EXCERPTED RECORDS -
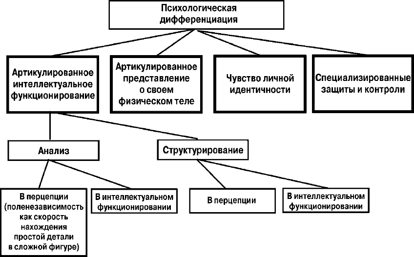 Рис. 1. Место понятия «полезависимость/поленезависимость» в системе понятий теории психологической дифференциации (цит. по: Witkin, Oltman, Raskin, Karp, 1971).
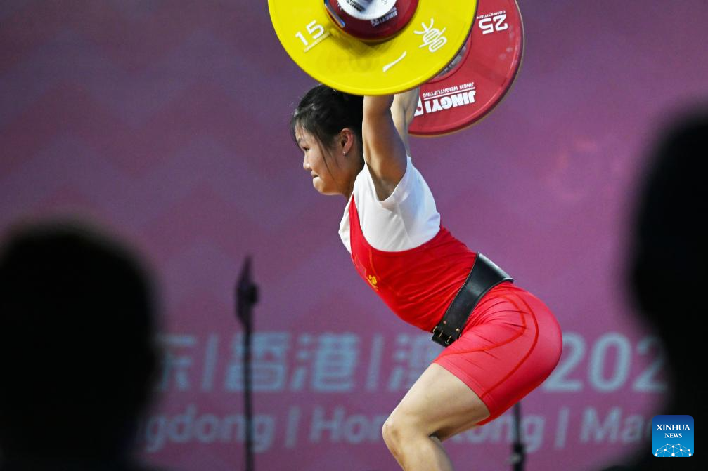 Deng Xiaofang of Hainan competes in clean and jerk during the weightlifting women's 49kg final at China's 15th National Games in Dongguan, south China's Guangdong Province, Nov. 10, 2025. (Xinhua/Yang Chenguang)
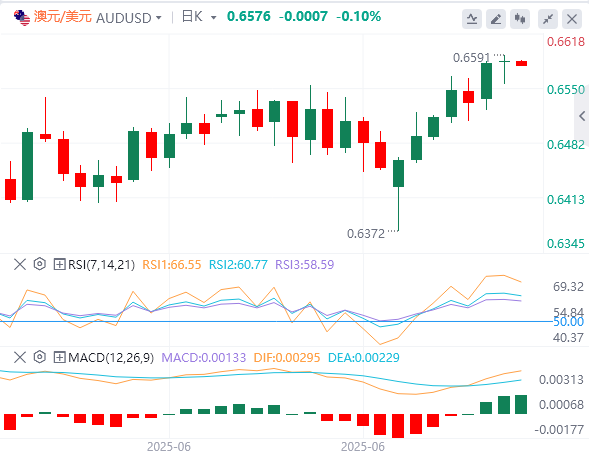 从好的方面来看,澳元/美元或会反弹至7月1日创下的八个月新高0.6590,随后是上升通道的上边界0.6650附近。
--
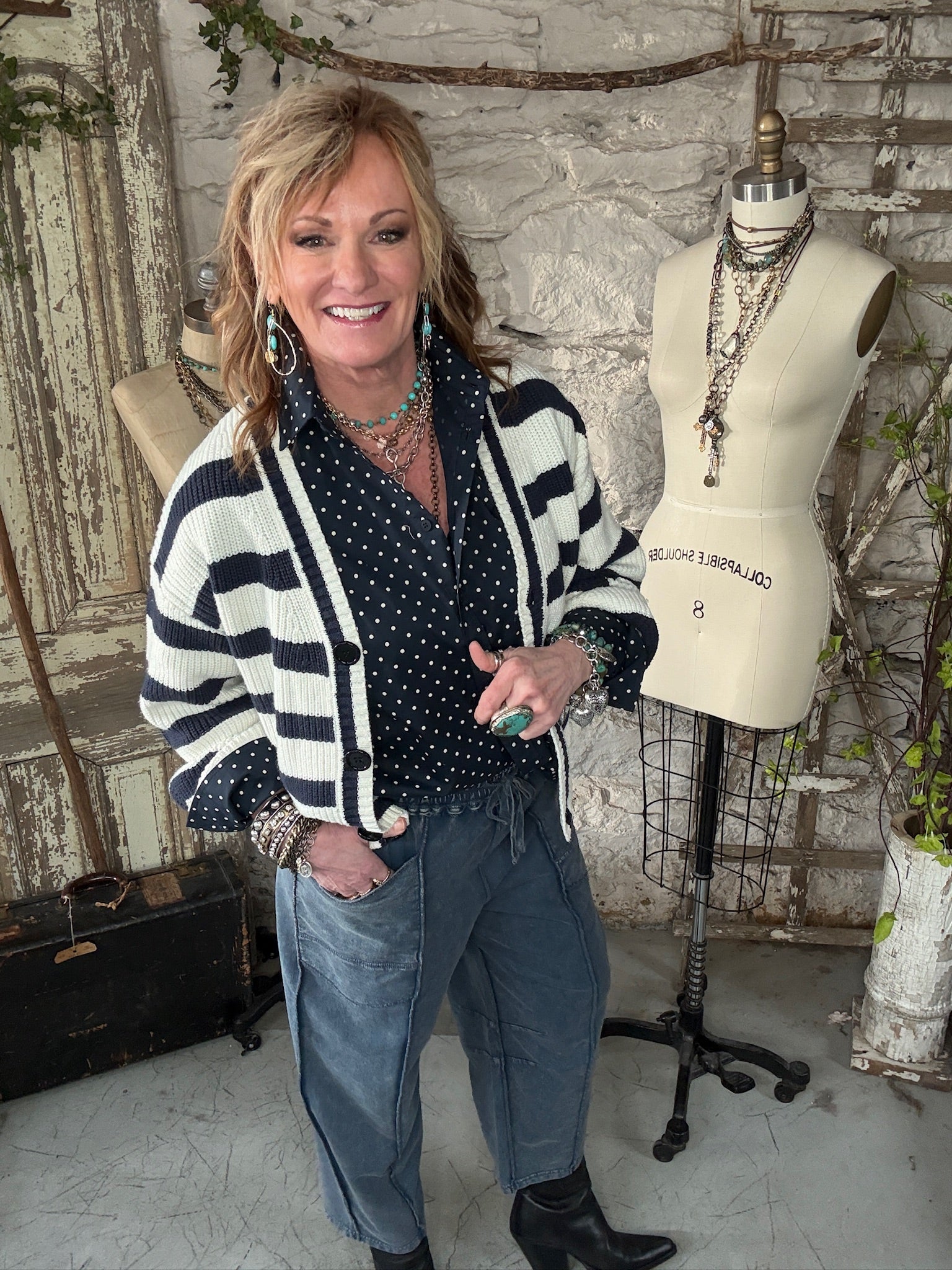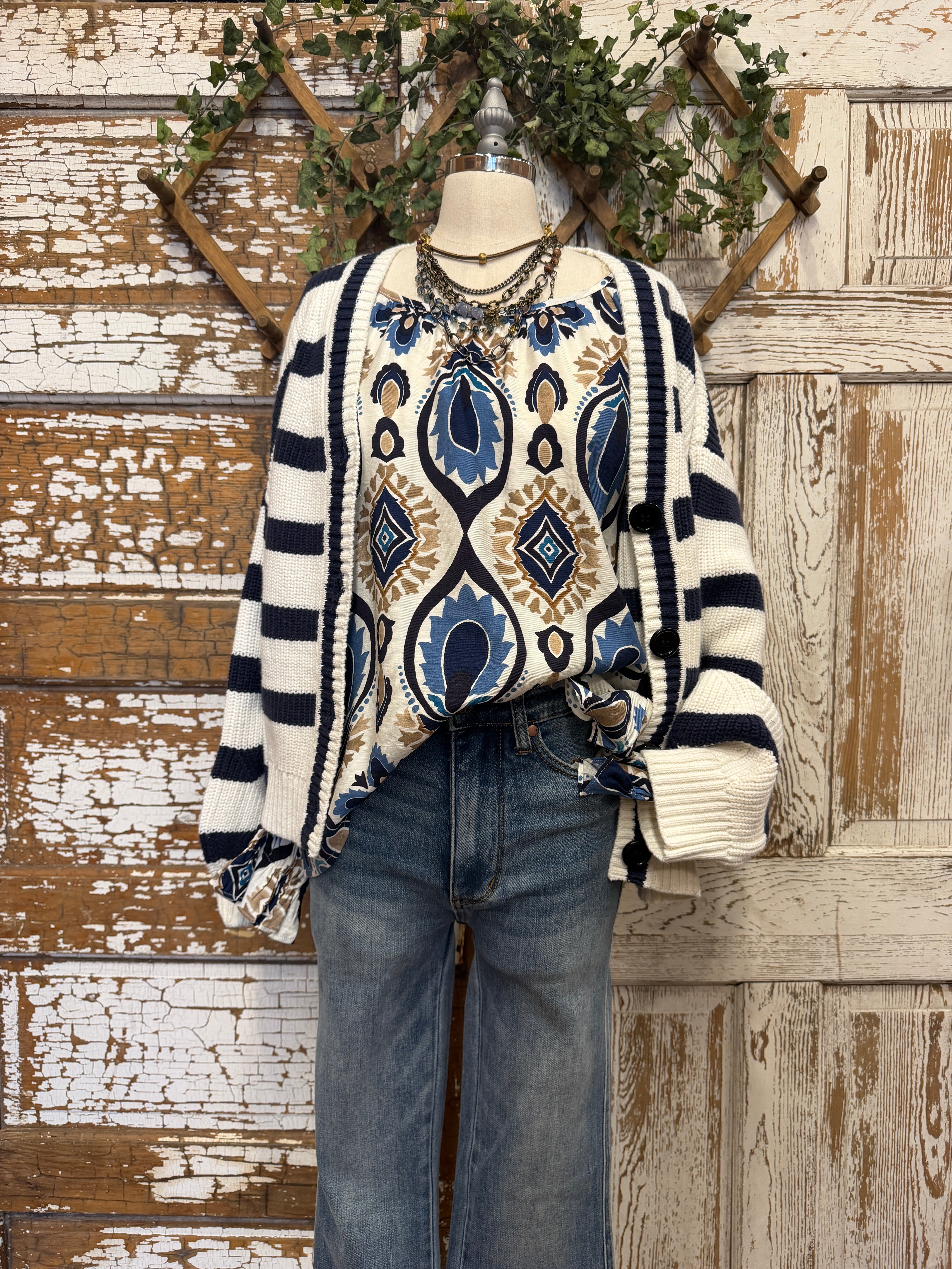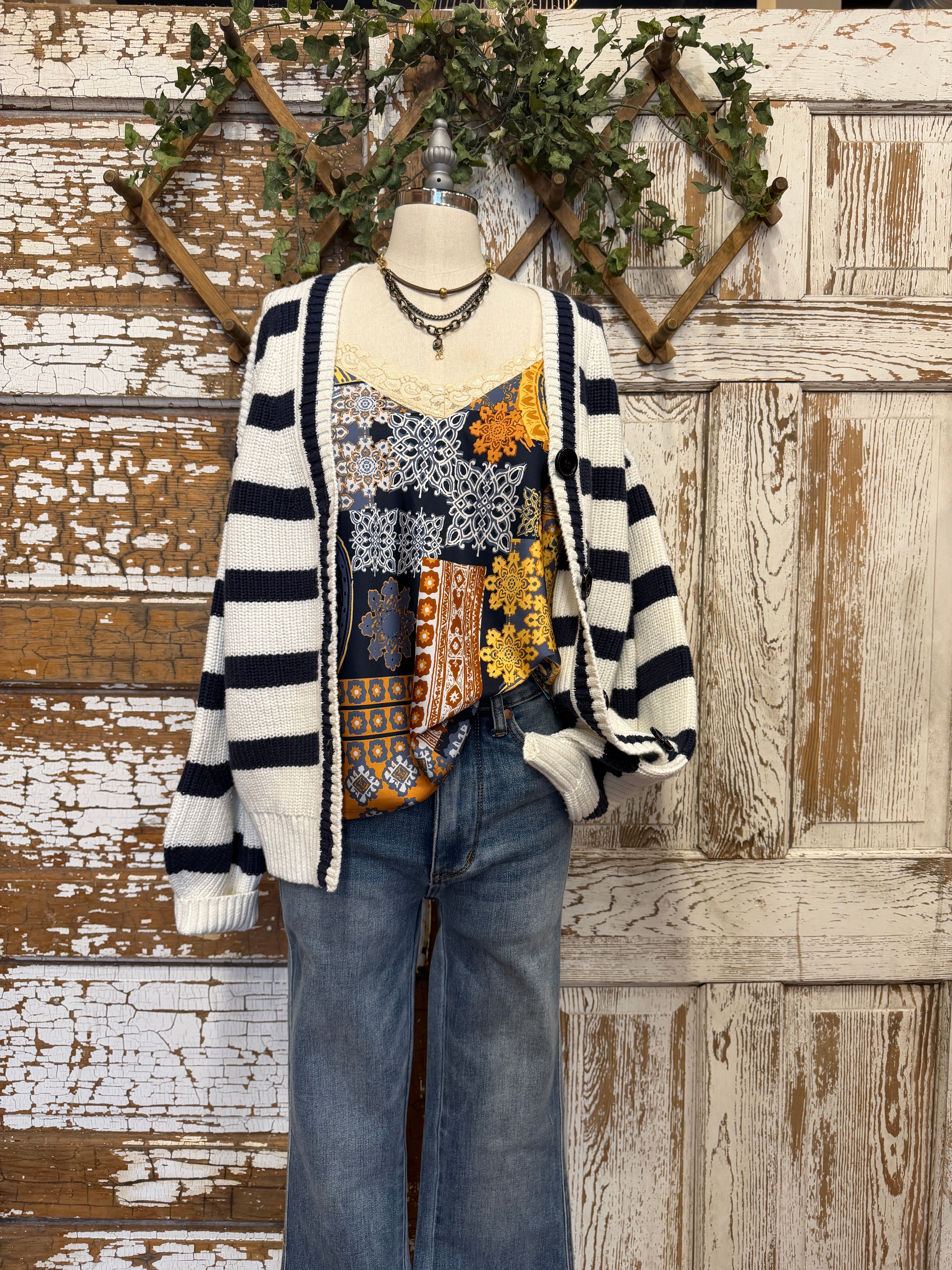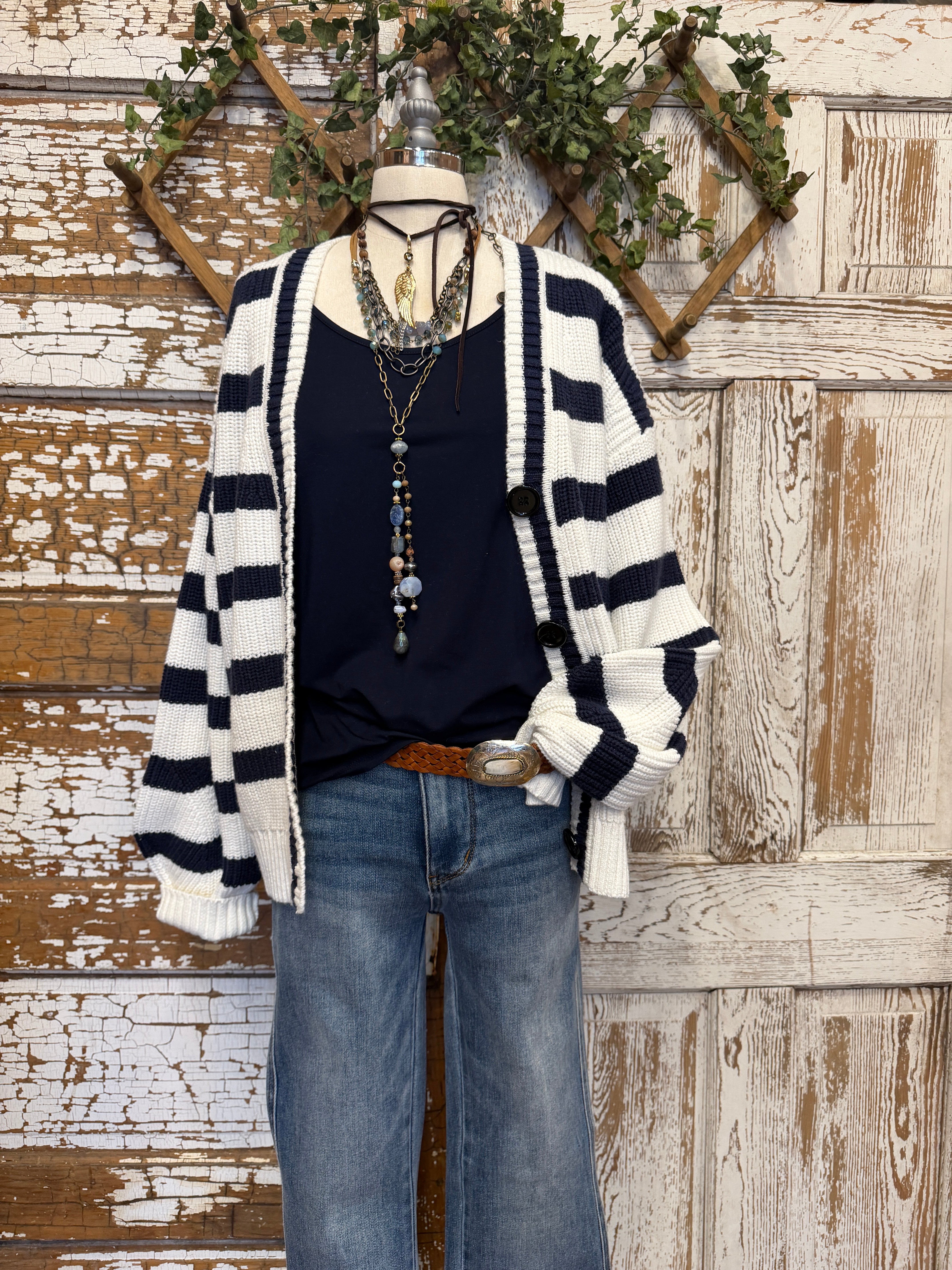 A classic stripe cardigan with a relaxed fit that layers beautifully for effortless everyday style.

EXERCISE DETAILS - Would you set down only the lines above from the line with "Рис. 1. Место" to the line with "从好的方面来看,澳元/美元或", both included, exactly as they stand and without the pictures?

ANSWER SPACE -
 Рис. 1. Место понятия «полезависимость/поленезависимость» в системе понятий теории психологической дифференциации (цит. по: Witkin, Oltman, Raskin, Karp, 1971).
 Deng Xiaofang of Hainan competes in clean and jerk during the weightlifting women's 49kg final at China's 15th National Games in Dongguan, south China's Guangdong Province, Nov. 10, 2025. (Xinhua/Yang Chenguang)
 从好的方面来看,澳元/美元或会反弹至7月1日创下的八个月新高0.6590,随后是上升通道的上边界0.6650附近。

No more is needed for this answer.